HDFS Demistified: How to Manually Assemble an HDFS File When Hadoop is Down

In this blog I’ll explain how to manually assemble a file stored in HDFS using 1) meta data on namenode and 2) blocks on datanode. The process does not require the hadoop system to be up and running. It’s an interesting exercise to gain some knowledge about the internal mechanisms of Hadoop, and such knowledge can be handy when it comes to data recovery.

(1) Fetch the fsimage.

Below is a tree view of what are stored in the namenode directory.

$ cd HADOOP_NAMENODE_DIR
$ tree .
.
|-- current
|   |-- VERSION
|   |-- edits_0000000000005342851-0000000000005440884
|   |-- edits_0000000000006347975-0000000000006347976
... ...
|   |-- edits_0000000000006347977-0000000000006347986
|   |-- edits_inprogress_0000000000006347987
|   |-- fsimage_0000000000006347976
|   |-- fsimage_0000000000006347976.md5
|   |-- fsimage_0000000000006347986
|   |-- fsimage_0000000000006347986.md5
|   `-- seen_txid
`-- in_use.lock

1 directory, 50 files

We are interested in the fsimage file with the largest postfix number. Copy it out as “fsimage”. If our file in the HDFS is recently uploaded or modified, then its full metadata might not be present in the fsimage. Some of the data could still be in one of the edits_ files. We won’t be able to fully assemble the most recent version of the file. One way to force Hadoop to produce a new checkpoint is to restart Hadoop.
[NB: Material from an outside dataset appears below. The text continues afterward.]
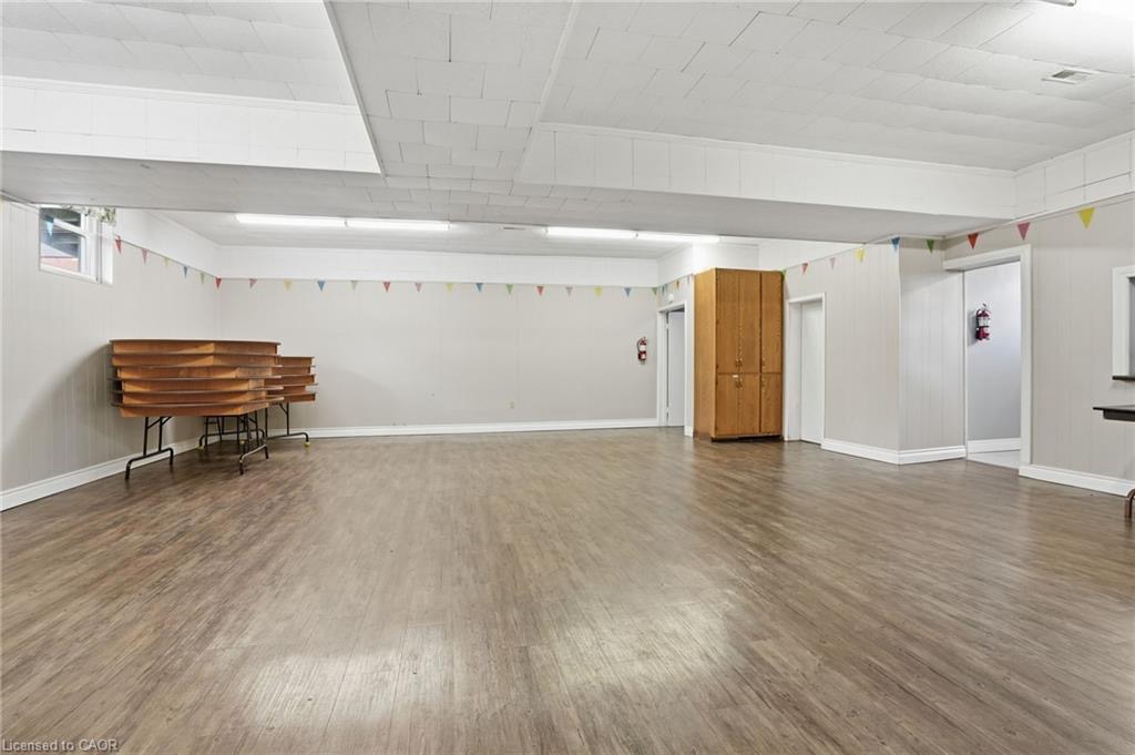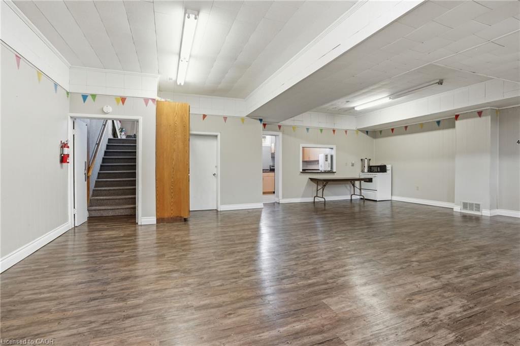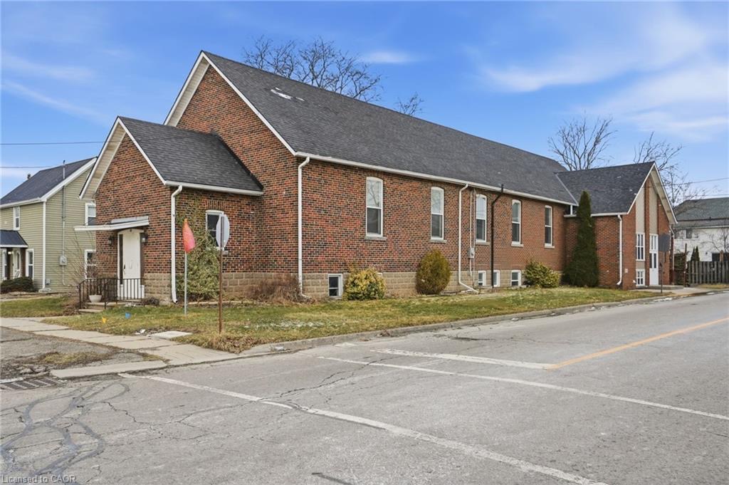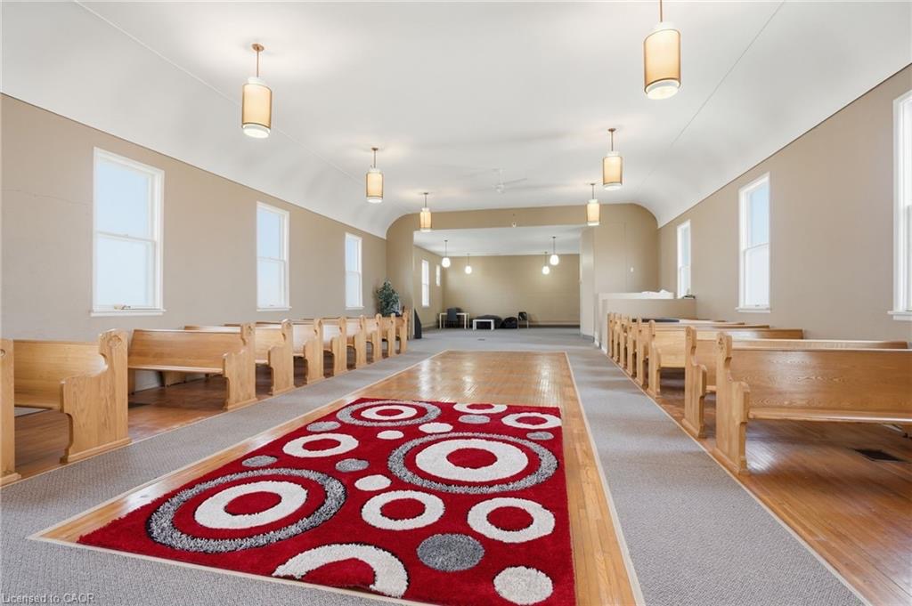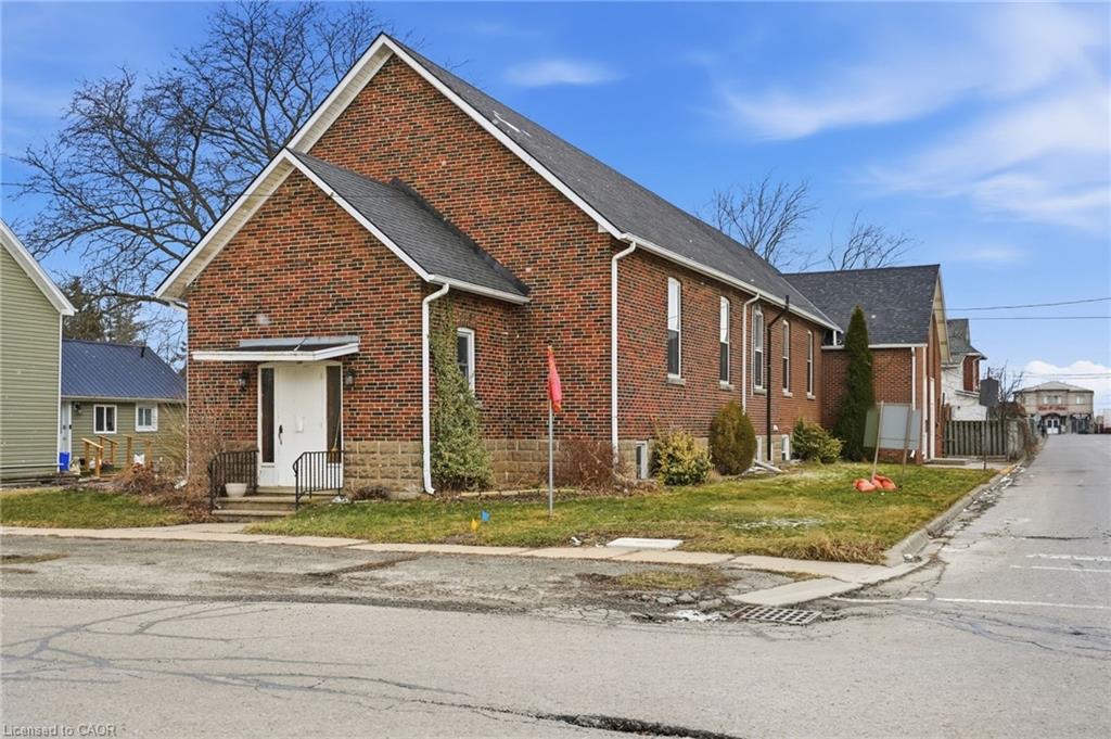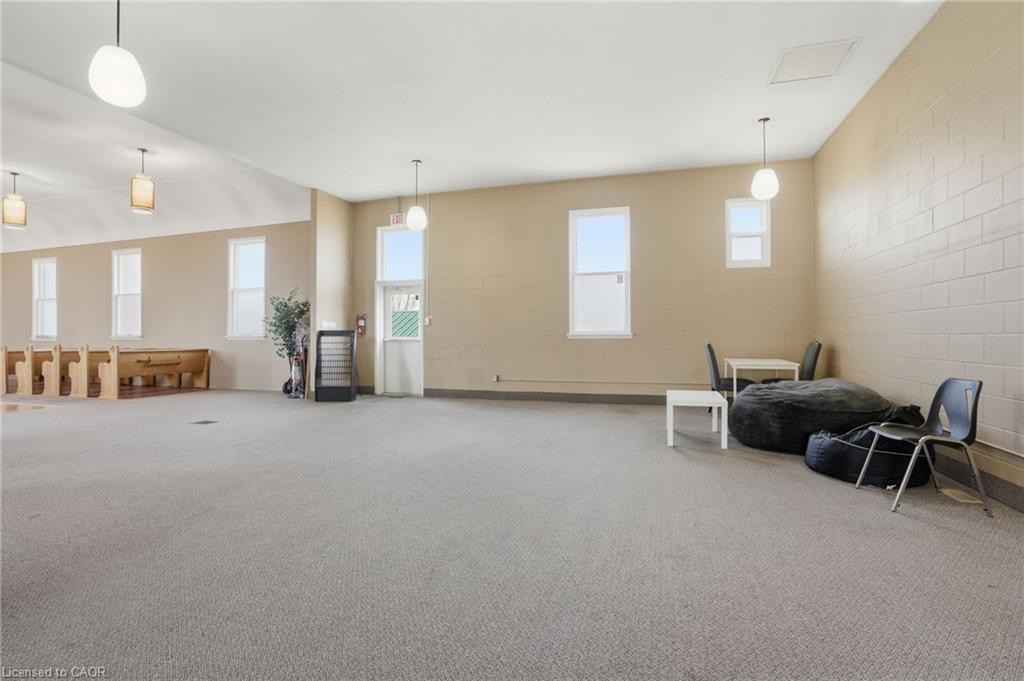Permissible uses allow for a wide variety of commercial applications, including office space, community-oriented uses, and the potential for multiple commercial rental configurations, creating a unique opportunity for both investors and end users. Beautifully maintained, solid concrete block church located in Hagersville’s established northeast neighbourhood, just minutes to parks, arena, and downtown amenities, with convenient access to Hamilton, Brantford, and Highway 403. Set on a 66 x 132 ft serviced lot with some private parking and ample street parking. The bright main level features a spacious sanctuary with hardwood flooring and impressive ceiling height, along with additional meeting space, a boardroom, and an accessible washroom. The finished lower level adds even more flexibility with a fellowship hall, full kitchen, multiple meeting rooms, office space, and additional washrooms. Well maintained, this is a rare and versatile property with excellent potential for a range of future uses.

Edit logs are merged into a new fsimage upon restart.

Before proceeding to the next step, it is useful to examine the content of the VERSION file.

$ cat VERSION
#Wed Oct 01 01:25:37 CST 2014
namespaceID=1453566641
clusterID=CID-a5f06877-24b3-4892-9dcf-05fccf827889
cTime=0
storageType=NAME_NODE
blockpoolID=BP-908018994-10.10.2.27-1412043710870
layoutVersion=-56

We’ll need the blockpoolID information.

(2) Examine the content of fsimage.

Use the following command to dump the content of fsimage to an XML file.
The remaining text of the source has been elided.